The league is designed to drag everyone back to the middle eventually, but for six franchises the 2025 campaign has started not with promise but with pratfalls, bruised egos and the sort of performances that make talk-radio switchboards light up before the leaves have even started to turn.
Every September there are teams whose stuttering starts can be dismissed as blips, but there are also those whose early struggles are merely confirmation of deeper rot. Separating the two is half the fun and all of the frustration.
This is the worry-meter, where we weigh up how bad the panic should be at each 0-3 team to determine whether we’re dealing with temporary turbulence or full-blown existential dread.
It seems any pre-season optimism surrounding the Giants was misplaced.
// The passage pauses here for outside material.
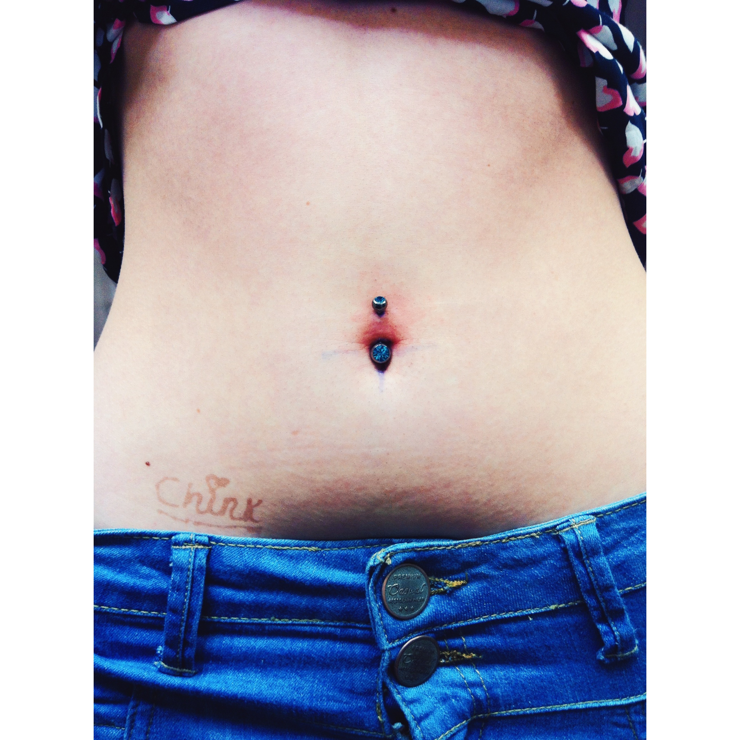 This is the first time I’ve ever pierced anyone in my family! I’ve pierced thousands of people by now be them obviously the general public, friends, grrlfriends, other piercers, tattooists, many artists in general; and now finally family. I’ve literally pierced people from every geographical corner of the planet that you could imagine, but it’s a compliment to be trusted by those close to you. This piercing is also special as I first met Vicky, my cousin Camille’s daughter; when she was about four or five weeks old. Still to this day maybe, the youngest person I’d ever met! Weirdly, I first met and held her on the same day I found out my Gramps had passed away; I would have been around fifteen at the time and meeting little Victoria helped ease the pain and devastation of unexpectedly losing my Gramps. I just remember a numbness lifting, as I held you for what felt like hours. Blood runs deep, on my mother’s side at least. I also would like to point out my cousin Milly even text me the very morning to state how she didn’t want Vicky getting it done, but as it was me who was doing it. I want to tell all my customers, I totally understand this and have many parents bringing their teenagers in for piercing. I tell them all the same, your parents are probably against piercing because they naturally should think you’re perfect as you are. Vicky had her ears pierced twice (not by me) and both times had infected and rejected but I did those last Summer for her and as she looked after them my cuz’ finally allowed Victoria a navel piercing. Which I can say for sure, she is looking after and healing well! I pierced Vicky w/1.6mm x 12mm curved titanium bar w/blue zirconia double gem stones.

Despite the addition of No.3 overall pick Adbul Carter to an already stocked pass-rush unit, Big Blue are once again falling short.
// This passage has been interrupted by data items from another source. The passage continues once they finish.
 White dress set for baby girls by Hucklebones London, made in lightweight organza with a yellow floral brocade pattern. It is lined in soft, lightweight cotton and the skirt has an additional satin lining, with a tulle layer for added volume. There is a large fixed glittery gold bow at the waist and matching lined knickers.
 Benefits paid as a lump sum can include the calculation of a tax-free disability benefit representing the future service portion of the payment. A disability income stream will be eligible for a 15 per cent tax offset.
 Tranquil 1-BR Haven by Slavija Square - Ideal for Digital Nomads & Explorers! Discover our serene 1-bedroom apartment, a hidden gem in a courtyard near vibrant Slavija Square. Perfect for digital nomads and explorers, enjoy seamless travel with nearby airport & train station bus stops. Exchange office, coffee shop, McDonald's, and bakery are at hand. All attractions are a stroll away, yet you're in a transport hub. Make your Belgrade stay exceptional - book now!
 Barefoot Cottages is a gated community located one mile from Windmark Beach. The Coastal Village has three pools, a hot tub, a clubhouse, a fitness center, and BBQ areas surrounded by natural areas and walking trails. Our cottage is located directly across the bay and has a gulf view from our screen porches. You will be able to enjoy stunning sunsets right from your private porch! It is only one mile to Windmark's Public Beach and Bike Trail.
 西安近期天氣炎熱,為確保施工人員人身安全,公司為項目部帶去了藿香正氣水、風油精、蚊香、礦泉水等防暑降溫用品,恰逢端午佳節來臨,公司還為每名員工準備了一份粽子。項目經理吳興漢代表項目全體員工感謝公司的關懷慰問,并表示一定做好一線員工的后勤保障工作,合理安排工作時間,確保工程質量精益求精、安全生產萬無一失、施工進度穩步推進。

After a Week 3 loss to the Kansas City Chiefs at MetLife saw them muster just nine points on offense, reports claim there will be a change under centre when they face the surging LA Chargers on Sunday – out goes the veteran Russell Wilson, in comes first-round rookie Jaxson Dart.
The Giants aren’t the only team rotting in the Big Apple. The Jets – now under the guidance of new head coach Aaron Glenn – are also winless after three games.
The Jets can count themselves a little unfortunate to be in their currently predicament, however. They narrowly lost a barnstorming opening game to the Pittsburgh Steelers in which new franchise quarterback Justin Fields produced arguably the best performance of his career to date. And then the next week, Fields was carted off injured.
Once Fields is back in action, a better assessment of the Jets’ plight can be drawn.
Only Cincinnati’s back-up quarterback Jake Browning (five) has thrown more interceptions than Tua Tagovailoa (four) so far this season. After an injury-hit 2024 season, the Dolphins’ highly paid signal caller has looked lost at times in defeats to the Indianapolis Colts, New England Patriots and Buffalo Bills.
Miami’s Mike McDaniel was among the favourites to be the first head coach fired this season and he’ll need to mastermind a swift turnaround if he’s to prove such prophecies wrong.
It should come as little surprise that the team who finished with the NFL’s worst record last season have started the current campaign in similar style. Last year’s underperformance earned the Titans the No.1 overall draft pick, which they used to acquire quarterback Cam Ward.
The former Miami Hurricane has flashed signs of his high potential already but his rawness is evidenced by the fact he has the lowest completion percentage (54.4%) and passing success rate (35.1%) in the league through three games. It’s shaping up to being another long season in Tennessee.
The Saints were expected to be among the pack leaders to land the top pick in next year’s draft, and the early weeks of the season have done little to dissuade observers of that notion.
Second-year quarterback Spencer Rattler beat out second-round rookie Tyler Shough to earn starting duties in New Orleans. But after defeats to the Cardinals, 49ers and Seahawks, all signs point toward new head coach Kellen Moore looking for a long-term solution under centre with another high draft pick in 2026.
Perhaps the most shocking team to still be winless at this juncture, the Texans have been atrocious on offense, ranking dead last for total points (38), fourth from bottom in total yards (802) and have scored just two offensive touchdowns to date.
Quarterback CJ Stroud is handicapped by a porous offensive line and a near-absent run game, but even accepting his circumstances the 2023 Offensive Rookie of the Year has fallen short of expectations, with more interceptions (three) than touchdowns (two).